Clarifying Memory Allocation

ISO/IEC JTC1 SC22 WG14 N1634 - 2012-09-23
ISO/IEC JTC1 SC22 WG21 N3433 = 12-0123 - 2012-09-23

Lawrence Crowl, crowl@google.com, Lawrence@Crowl.org
Chandler Carruth, chandlerc@google.com

Introduction
Problem
Solution
    Memory
    Data Races
C Wording
    7.1.4 Use of library functions
    7.22.3 Memory management functions
C++ Wording
    3.7.4 Dynamic storage duration [basic.stc.dynamic]
    3.7.4.1 Allocation functions [basic.stc.dynamic.allocation]
    5.3.4 New [expr.new]
    17.6.4.6 Replacement functions [replacement.functions]
    18.6.1.4 Data races [new.delete.dataraces]
References

Introduction

The allocation and deallocation of memory has become a significant expense in modern systems. The optimization of that process is important to good performance. However, it is important to distinguish between micro-optimization of the calls and macro-optimization of the allocation strategy. In particular, good system performance may well require adapting the allocation stragegy to the dynamic behavior of the application, or even to hints provided by the application.

Problem

As strict reading of the current C and C++ standards may lead one to conclude that the allocation strategy shall not consider any information not derivable from the sequence of allocation and deallocation calls. In essence, the standards may exclude macro-optimization of allocation.

On the other hand, a strict reading of the standards may lead one to conclude that the implementation must make an external function call for each and every nominal call.
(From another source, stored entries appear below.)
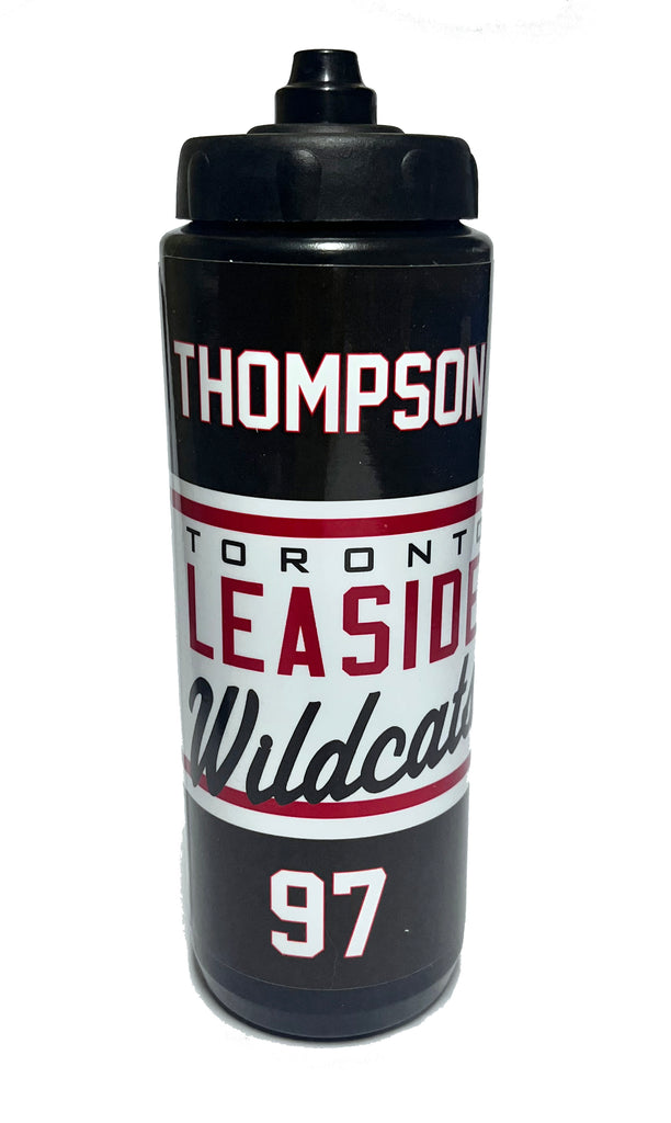 Outfit your entire team with matching personalized water bottles. Custom labels include player last name and number with team name and logo.  All decals are full wraps and wrap around the entire bottle with your logo/name/number on the front and back.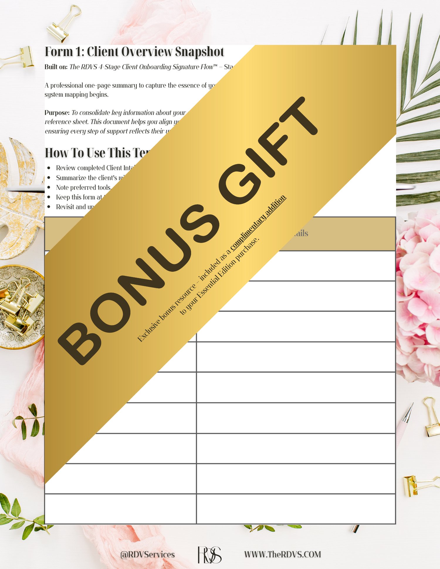 Your purchase also includes seven exclusive client management templates and tools to elevate your operations and streamline every stage of support: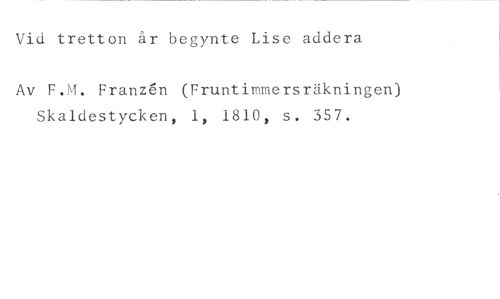Vid tretton år begynte Lise addera //// Av F.M. Franzén (Fruntimmersräkningen) Skaldestycken, 1, 1810, s. 357.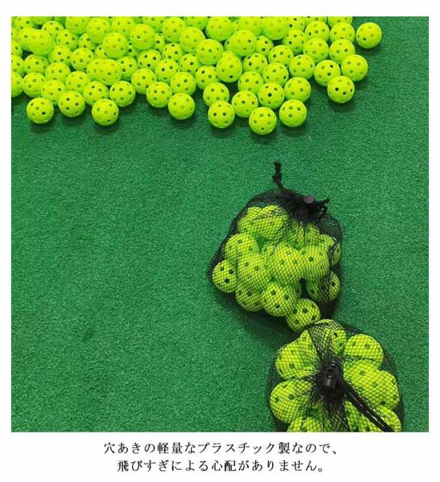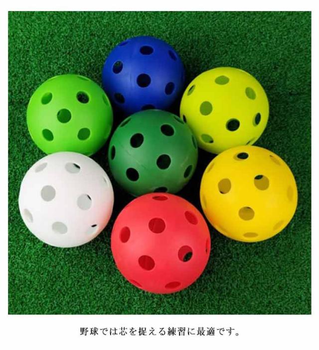 | 100個セット!練習用のゴルフボール 穴あきの軽量なプラスチック製なので、飛びすぎによる心配がありません。 色は視認性が高い彩色です。ショット後の弾道、軌跡を確認しやすくなっています。室内、お庭、河川敷、公園等でのスイングの練習に良い品です。 しっかりした打球音。ボールのスピンにより球筋が協調される穴あき構造。 野球では芯を捉える練習に最適です。 お得な100個セットなので練習中の紛失や破損も気にせず打ち込めます。 室内外問わず使用でき、ゴルフのスイング練習だけでなく、お子様のおもちゃとしてもお使い頂けます。 | |

This reading may exclude micro-optimization of allocation.

Solution

We propose to replace existing mechanistic wording with wording more precisely focused on essential requirements. The intent is to enable behavior that some existing memory allocators already have. For example, see TCMalloc [TCM].

Memory

An essential requirement on implementations is that they deliver usable memory, not that they have a particular sequence of calls. We propose to explicitly decouple the implementation calls from the nominal calls.

  1. The number of implementation calls is not part of the observable behavior of the program.

  2. The parameters and return values of implementation calls is not part of the observable behavior of the program, except that the sum of the size parameters of live implementation allocation calls shall not exceed the sum of the size parameters, adjusted for alignment, of live nominal allocation calls. (That is, implementations may "round up" size parameters, as they already do.)

Together these changes enable implementations to reduce the number of malloc calls by avoiding them or fusing them. However, it would only enable fusing mallocs together into larger mallocs provided it can prove that both mallocs have overlapping lifetimes (ended by corresponding calls to free) such that the peak allocated memory of the program remains unchanged.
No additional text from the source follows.